TABLE OF CONTENTS
Segmentation
Image Segmentation is a process of assigning labels to a pixel or set of pixels with the same attributes in an image.
NeuralMarker offers various segmentation tools, to create pixel-wise mask annotations for each object in the image.
Adding Data and Dataset
Before using the Segmentation tools a user has to learn to do the following things:
1. To add dataset in NeuralMarker
2. To add data in NeuralMarker
Select Category Type As "Segmentation" during adding of dataset.
Segmentation Tools
1. Rectangle Tool:
It's a drawing tool that helps to create a rectangular mask over the objects which have regular or non-complex boundaries in the image.
2. Polygon Tool:
It's a drawing tool that creates a polygon mask over the objects with irregular shapes.
To close the polygon mask the first point and last point of the mask should be the same.
3. SuperPix Tool:
SuperPix is a Segmentation specific tool that produces multiple segments over the image by clustering pixels based on their colour similarity.
How to Use It
Step 1:
Select the Tool from the Toolbar adjacent to Canvas.
Step 2:
A . Drag the SuperPix tool using the left mouse button to create the segmentation mask over the multiple segments of the object.
B. Segments size can be adjusted from "Finer" to "Coarser" by using the slider place next to the
SuperPix tool.
As Calculation time for generating superpixel segments of various size increases with the image size.
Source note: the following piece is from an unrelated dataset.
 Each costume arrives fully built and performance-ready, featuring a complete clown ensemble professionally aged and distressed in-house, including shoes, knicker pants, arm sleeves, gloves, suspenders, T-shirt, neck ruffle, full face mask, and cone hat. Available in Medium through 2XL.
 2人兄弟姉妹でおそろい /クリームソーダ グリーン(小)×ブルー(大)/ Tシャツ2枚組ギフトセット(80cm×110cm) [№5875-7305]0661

Therefore it is suggested to use images of less than 1 MB or of pixels size less than 2000x2000 pixels.
4. Smart Object Selection (SOS) Tool:
A "Semi-Automatic Object Segmentation Tool" that generates a precise object segmentation mask on the objects in the image.
It accurately transforms the information of extreme points [left-most, right-most, top, bottom] of an object into a pixel-perfect segmentation mask with minimal user input.
How to Use It
Step 1:
Select the Tool from the Toolbar adjacent to Canvas.
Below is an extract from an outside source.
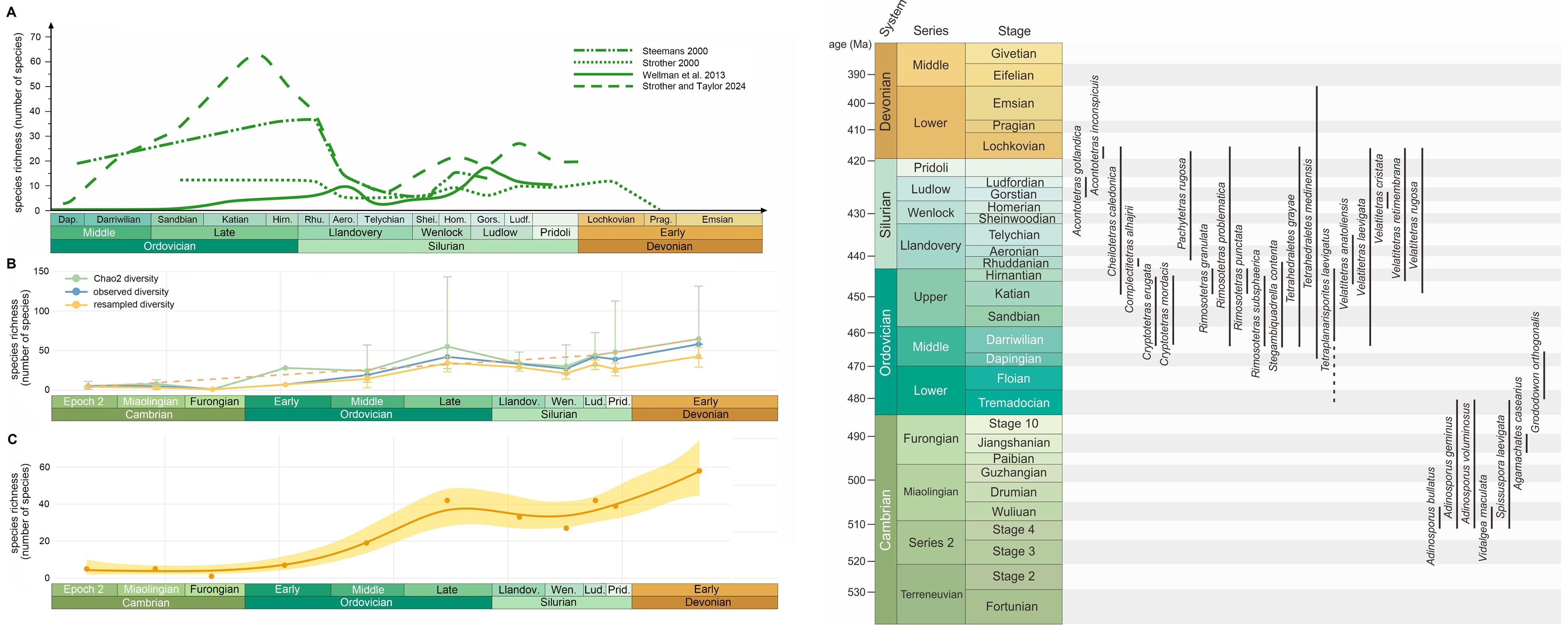 隐孢子的多样性变化曲线(图左)和地层延限分布(图右)

Step 2: Two-Click Approach
a. Draw the rectangle by clicking on the extreme left of the object.
b. Then sliding the cursor to the extreme right.
c. Click again to complete the rectangle over the object to create the segmentation mask.
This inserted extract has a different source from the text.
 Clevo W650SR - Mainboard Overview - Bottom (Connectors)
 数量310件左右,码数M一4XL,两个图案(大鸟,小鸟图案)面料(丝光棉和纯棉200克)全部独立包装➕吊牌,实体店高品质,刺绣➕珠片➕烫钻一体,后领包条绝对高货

After drawing the rectangle, the mask over the object will appear like the one shown below:
Few More Examples To demonstrate the capabilities of SOS Tool
A.
B.
5. Brush Tool:
It's a free-flowing drawing tool that helps generate a circular and a planar mask over the object in the image.
It can also be used in images where boundaries between objects and background are clearly visible.
The radius [in the range of 0 to 100 px ] of the brush can be changed using the slider next to the Brush tool.
How to Use It
Step 1:
Select the Brush Tool from the Toolbar adjacent to Canvas.
Step 2:
Drag the brush using the left mouse button to create the segmentation mask over the object.
6. Eraser Tool:
It's an "over-segmentation correction tool" that helps to clear the unnecessary overlapping of segmentation masks between the object's boundaries.
The radius [in the range of 0 to 100 px ] of the eraser can be changed using the slider next to the Eraser tool.
How to Use It
Step 1:
Select the Eraser Tool from the Toolbar adjacent to Canvas.
Step 2:
Drag the eraser using the left mouse button to remove the unnecessary mask between the objects.
Points to Remember
All the above displayed segmentation tool-sets will always assign a single category to a single pixel of an image.
In other words no single pixel of an image will be assigned multiple categories through the NeuralMarker Segmentation tools.
1. if an annotator draws an annotation which belong to a different category on an area in the image that overlap with the existing annotation of another category then the overlapped region between the two annotations is subtracted from that latest annotation.
2. Whereas, if an annotator draws an annotation on an area in the image that overlap with the existing annotation of the same category then that overlapped region of the recently created annotation is merged into the already existing annotation.